Connection (Not Information) – The Essential Ingredient of a Great Sermon


  • What do they need to do?
    • Simple Messages Connect.  What’s the one thing you want them to do?  You have 1.5 seconds to make a billboard impression.  For example, Chick-Fila is: Eat More Chicken.
    • People don’t need more information.  People need their lives changed.  Your goal is not to get people to think you know something, your goal is to lead them to change.
    • Don’t just say it, show it.  This is why a one-point sermon does in fact require some time to deliver, and is very effective.  Every 10 minutes the brain asks, “When is this going to be over?”  You need props and illustrations every 10 minutes to bring them back.

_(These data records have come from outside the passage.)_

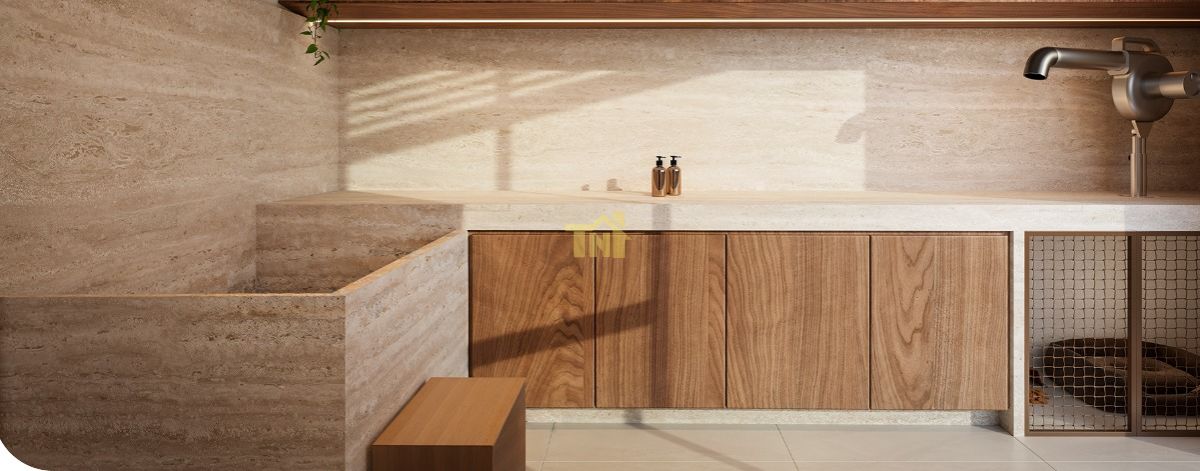 Nichos embutidos e tampos em mármore nos banheiros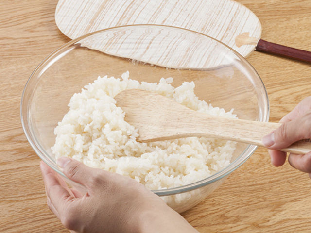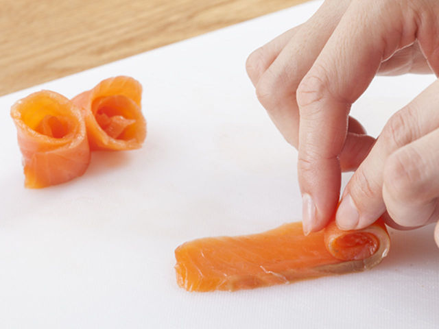 きれいに盛りつけやってみよう!!スモークサーモンをまな板の上に置いて、端からクルクルと巻いて、片方を花びらのように開けば、バラの花のでき上がりです!!包丁を使うときは手を切らないよう、気をつけて~!※調理時間以外に、炊飯に約1時間、炊いたご飯を冷ます時間に約30分かかります。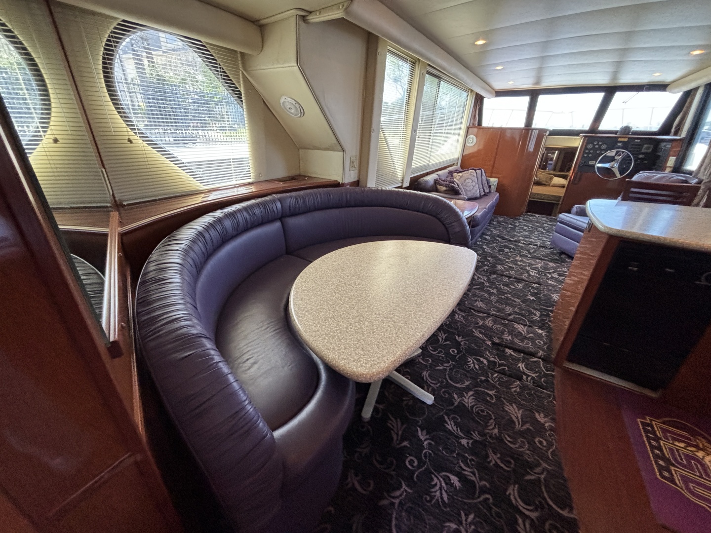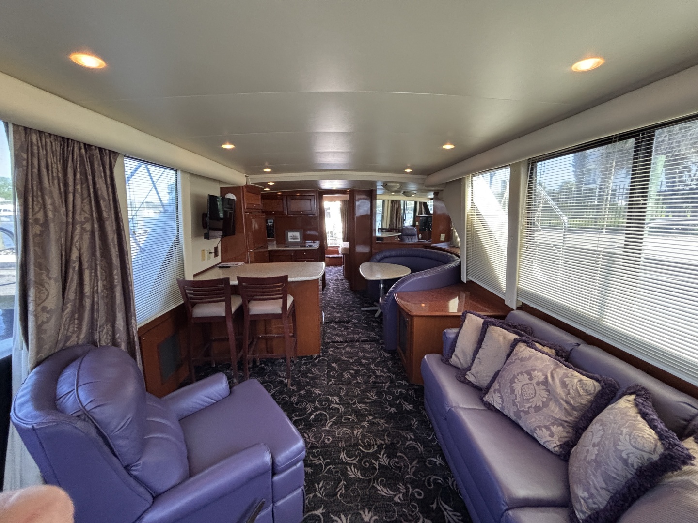 - The spacious salon has panoramic windows both port and starboard midship with a full size couch, comfortable recliner, u-shape dinette for 6, functional galley and a cozy breakfast/coffee bar.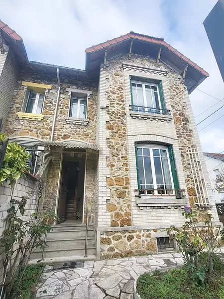 Charmante maison meulière et brique de 87 m2 habitable comprenant au rez-de-chaussée surélevé : entrée, séjour avec cheminée, cuisine, salon donnnant sur véranda de 20 m2, WC.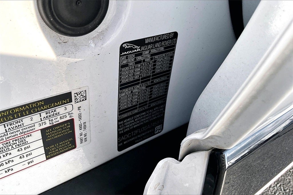 2025 Jaguar F-PACE P400 R-Dynamic S White Apple CarPlay/Android Auto, Exterior Parking Camera Rear, Fully automatic headlights, Illuminated entry, Power Liftgate, Power moonroof, Radio: Meridian 400W Sound System, Telescoping steering wheel, Tilt steering wheel, Wheels: 19 Diamond Turned (Style 5103). 4D Sport Utility AWD 3.0L I6 Turbocharged 8-Speed Automatic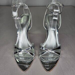 Metallic Cushioned Strappy Sleek Elegant Comfortable Evening Shiny Dressy Chic Party Formal Statement Modern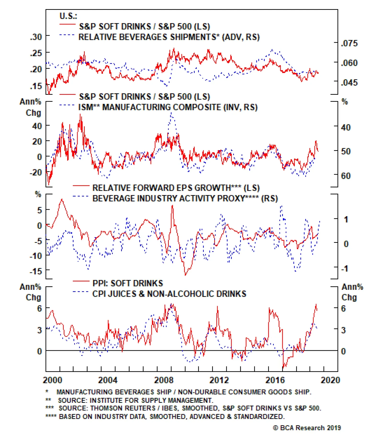 Neutral As we continue shifting our portfolio away from cyclical and toward defensive exposure, we are upgrading the S&P soft drinks index from underweight to neutral, locking in a relative gain of 5.5% since inception…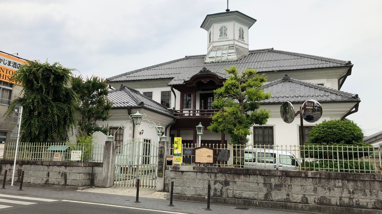 近江八幡の観光エリアの中心にあります。屋根は瓦葺きですが、洋風の建物です。明治時代、学校として建設されました。建設費のほとんどが、近江商人の寄附だったそうです。現在は、観光案内所として利用されています。

  • What does my audience currently think, and what do I want them to think?  
    • Begin your message where they live.  What matters in their minds?  What do they interact with?  What’s their reality?

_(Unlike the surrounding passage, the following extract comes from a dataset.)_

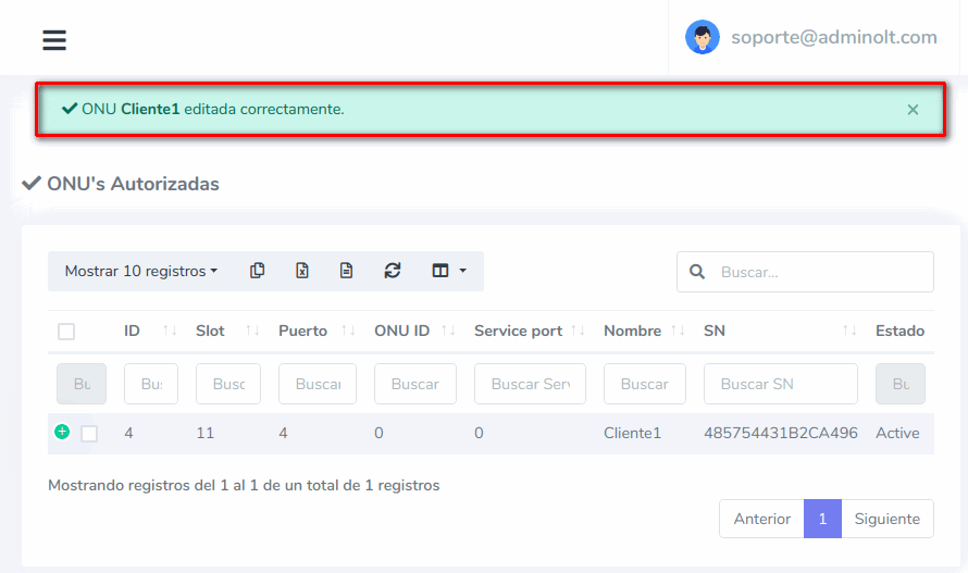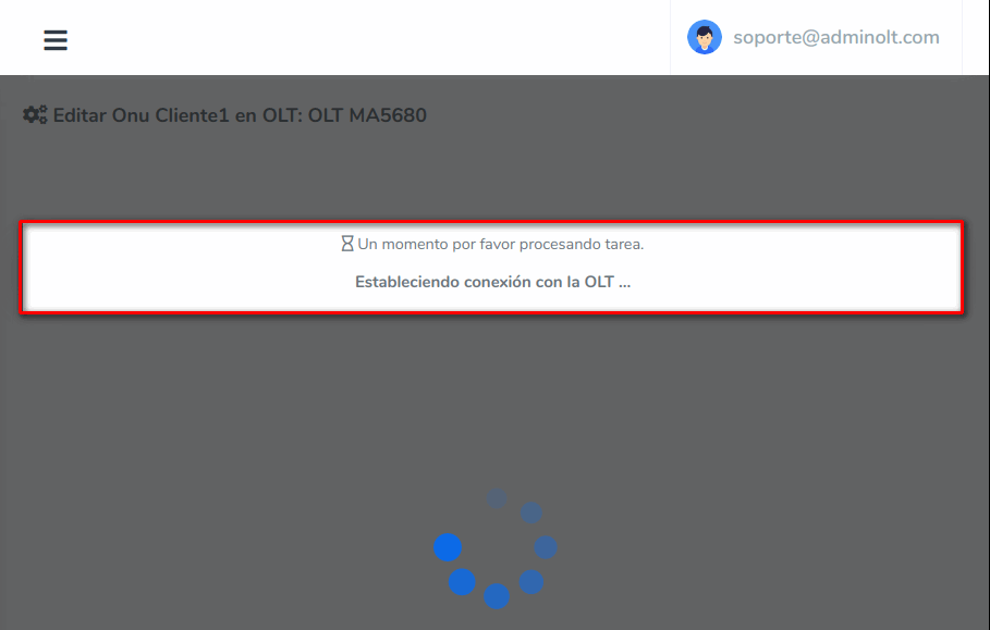 7 Esperamos que AdminOLT se conecte con su OLT y haga los cambios.

    • We no longer live in the Information Age.  We live in the Attention Economy.
  • Why am I the one to communicate this?
    • The message needs to change you before it can change them.

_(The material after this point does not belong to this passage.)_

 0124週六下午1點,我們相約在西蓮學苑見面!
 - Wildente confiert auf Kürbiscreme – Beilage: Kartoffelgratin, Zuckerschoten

    • You are the message.  It’s Jesus in your life that becomes the message.  Leverage your life experiences.
    • One of your goals in the first five minutes is to have them think, “I like this guy.”  It’s not being self-serving; people aren’t willing to be challenged by those they don’t know or like.
    • When crafting your introduction, assume the worst.  Picture your audience as adult high school students: you’ve got 30 seconds to catch them or lose them.